• **Task to complete**: Give back exactly the lines of the material below that start at the line containing "Additionally, you can" and end at the line containing "AI小壹1月19日讯 沪市小", and no others.

• **Listed entries**:
------------------------
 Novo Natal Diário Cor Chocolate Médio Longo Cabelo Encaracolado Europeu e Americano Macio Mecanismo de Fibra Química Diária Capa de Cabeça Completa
------------------------
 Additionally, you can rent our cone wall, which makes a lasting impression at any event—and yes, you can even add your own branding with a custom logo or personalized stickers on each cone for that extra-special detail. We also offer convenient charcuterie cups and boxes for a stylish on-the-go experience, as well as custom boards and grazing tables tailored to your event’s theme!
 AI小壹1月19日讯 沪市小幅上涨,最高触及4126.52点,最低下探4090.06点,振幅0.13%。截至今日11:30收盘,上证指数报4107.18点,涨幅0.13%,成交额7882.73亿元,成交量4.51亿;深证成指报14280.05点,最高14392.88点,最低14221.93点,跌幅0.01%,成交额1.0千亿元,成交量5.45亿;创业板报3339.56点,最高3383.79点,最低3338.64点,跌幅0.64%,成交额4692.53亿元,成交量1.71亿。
------------------------
• **Solved exercise**:
 Additionally, you can rent our cone wall, which makes a lasting impression at any event—and yes, you can even add your own branding with a custom logo or personalized stickers on each cone for that extra-special detail. We also offer convenient charcuterie cups and boxes for a stylish on-the-go experience, as well as custom boards and grazing tables tailored to your event’s theme!
 AI小壹1月19日讯 沪市小幅上涨,最高触及4126.52点,最低下探4090.06点,振幅0.13%。截至今日11:30收盘,上证指数报4107.18点,涨幅0.13%,成交额7882.73亿元,成交量4.51亿;深证成指报14280.05点,最高14392.88点,最低14221.93点,跌幅0.01%,成交额1.0千亿元,成交量5.45亿;创业板报3339.56点,最高3383.79点,最低3338.64点,跌幅0.64%,成交额4692.53亿元,成交量1.71亿。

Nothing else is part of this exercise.